Dealing with Time

Strategies for encoding and explaining time to a computer.

Introduction

When we analyse sound with computers, capturing how things change through time is of critical concern. For humans, listening is an incredibly complex process that bundles many physiological and psychological elements into a relatively passive and automatic process. We can identify different perceptual features of sound simultaneously, understand intentions behind its production, trace musical elements that evolve and come to interpretations that connect different listening experiences together. Computer’s have no such understanding of sound and by comparison are really quite stupid when you compare them to what a human can do. However, computers are especially good at quantitative listening, and generating numbers that may or may not faithfully express the perceptual characteristics of sound. You might be thinking, “Hey! You just described an audio descriptor”, and you would be right. This set of learn articles is going to reflect on the tension between human and machine listening and how that affects the way we encode musical representation, specifically time in data using audio descriptors and other forms of data.

Time, Evolution and Data

Sound evolving and being experienced through time is an inescapable facet of how we listen to and interpret it. Think about all the different ways that a sound may or may not vary and how this contributes so strongly to its nature, ability to elicit different responses as a listener. One neat entry point is to start to describe sound with curves and shapes. If you wanted to dive into a more theoretical approach to this way of thinking, then you might want to read about Temporal Semiotic Units.

Click the play button and listen to the sound. The green line moving up and down over time maps onto the changes in amplitude or loudness.

We could also describe other aspects like pitch, here described by the blue line.

The combination of many different curves that trace perceptual elements of a sound over time might culminate in a more holistic understanding of a sound. This is still quite simple, but imagine the amplitude and pitch moving together as a kind of multivariate audio descriptor. Let’s imagine amplitude and pitch moving together now with the green and blue lines depicting amplitude and pitch respectively.

These simple models of sound are simple, but are valid representations of how different perceptual features change and evolve over time. These “shapes” could be the basis of some kind of analysis or maybe those shapes are intrinsically useful structures that could be used for mapping or some other musical application. However, when we listen we don’t really think in such a straightforward and uniform way. We combine, layer and meld together multiple shapes simultaneously over different time scales, looking at small changes in the moment at the same time as considering the grander scheme of things. If we listened to the same oscillating pattern for 20 minutes, would we consider the variation of pitch or amplitude to really be a meaningful change anymore? Considering these aspects starts to unpick the issue of encoding the evolving nature of sound into data. How much time is enough to be meaningful? Is all time equal in every musical and machine listening scenario? How do bits of time relate to other bits of time?

This question emerges in several different places, especially in our own tutorials and ultimately we think it is important to recognise that machine listening is context specific. For example, the classification with a neural network tutorial deals with time in a straightforward and effective way. A representation of different timbres is constructed by capturing and storing several examples of very brief moments in time using the MFCC descriptor. This analysis procedure is designed with somewhat static sounds in mind, where the variation of those MFCC values will be relatively stable and won’t evolve too rapidly. The neural network that learns from this data is also quite clever. In theory, with enough examples and sufficient training the network can be good at differentiating timbres with just these instantaneous snapshots of sound data provided to it. For example though, if you wanted to explicitly have the same neural network classify sounds based on the evolution of timbre, you would probably want to explore a different method of capturing the temporal features of those sounds, rather than just looking at singular spectral frames of analysis.

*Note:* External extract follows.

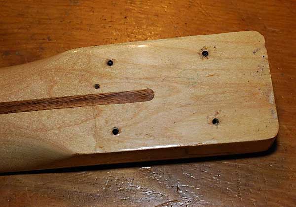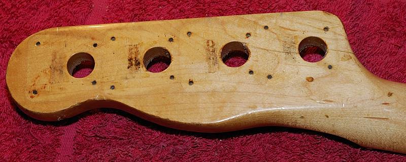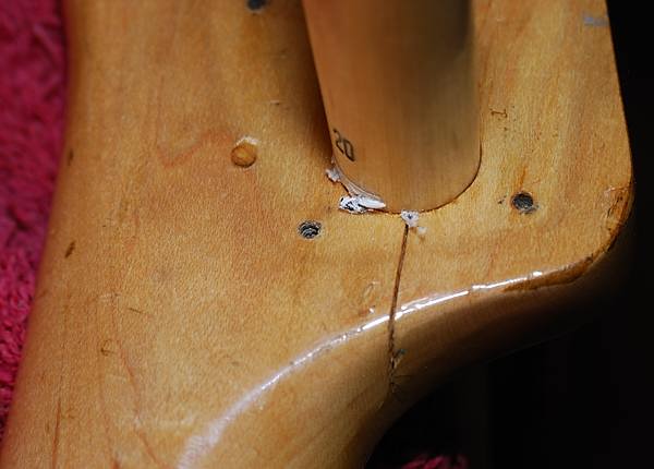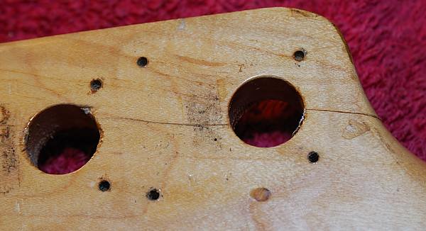Supongo que a causa del golpe que hizo semejante grieta, los cuatro tornillos del clavijero de Mi estaban bastante flojos y uno de ellos, que probablemente se perdería con el golpe, fué sustituido por un tornillo convencional como hemos visto más arriba. Aparentemente esa clavija no está torcida por el golpe pero sí que es verdad que va sensiblemente más dura que las otras tres. Los agujeros de los tornillos fueron reparados con el viejo truco del palillo de dientes y cola.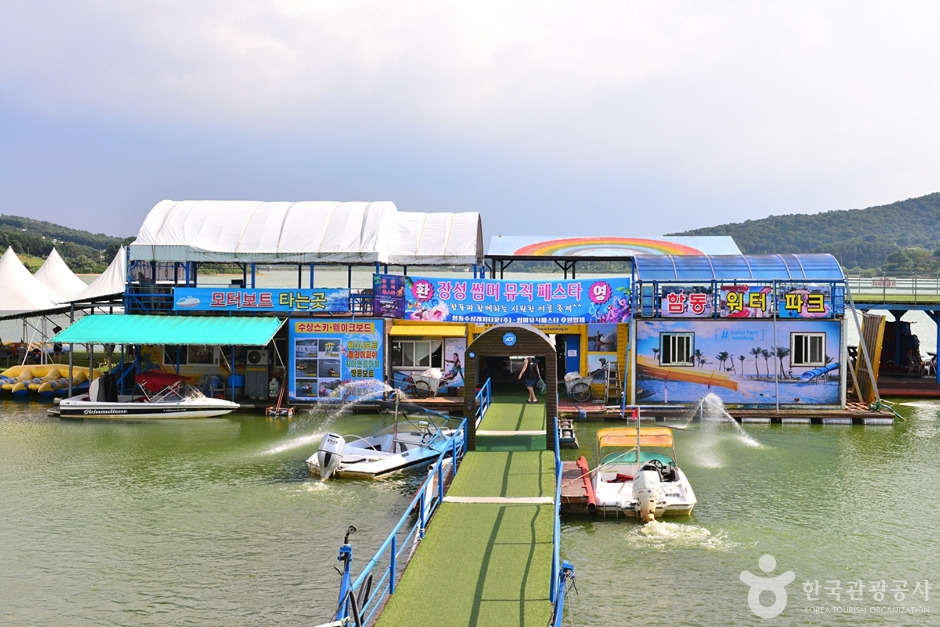 함동수상레저타운은 장성군 삼계면 함동 저수지에 위치한 수상레저타운이다. 수상스키, 웨이크보드, 플라이퓌쉬, 땅콩보트, 자이언트 마블, 디스코보트, 바나나보트 등 다양한 수상 레저 스포츠를 즐길 수 있다. 화려한 경력을 자랑하는 국내 최고 수상스키 국가대표와 웨이크보드의 우수한 강사진 등이 배치되어 있으며 스릴 만점의 대형 워터슬라이드, 브롬점프 외 무더위를 날려줄 다양한 놀이 기구를 완비하고 있다. 테이블, 구명조끼, 샤워실, 수건은 무료 제공되며 워터파크 이용 시 아쿠아슈즈를 필수로 착용하여야 한다. 또한 친구, 가족 등 단체 방문객들이 즐길 수 있는 넉넉한 바비큐존이 조성되어 있다.

As another example, the 2D Corpus Explorer tutorial operates on a set of basic assumptions about how time might be encoded into data. Like the classification tutorial, it uses MFCC data alongside statistical derivatives to try and encode the evolving spectral structures of short sound samples. This approach is actually quite prone to producing noisy and nonsensical data so we slap another algorithm on after that called UMAP, and hope that it can unfurl some structure from that mess of data it’s given. The idea is that after UMAP has analysed and compressed the data it was given, a new set of fewer numbers will emerge that have some kind of statistical relevance and were able to introspect on the time varying aspects of the sounds encoded in those statistical derivatives. This approach, and the classification tutorial’s approach are of course entirely validated by their success in musical practice. They are by no means perfect approaches to encoding time and we are not looking for exact answers here, rather, they are functional patches based on a context-specific musical application.

This is really just the start of thinking about time and we hope that you delve into it more through a series of Learn Articles that we think might provoke you to consider how you represent time through data, and how the evolution of sound can be captured and encoded into workflows with the FluCoMa toolkit.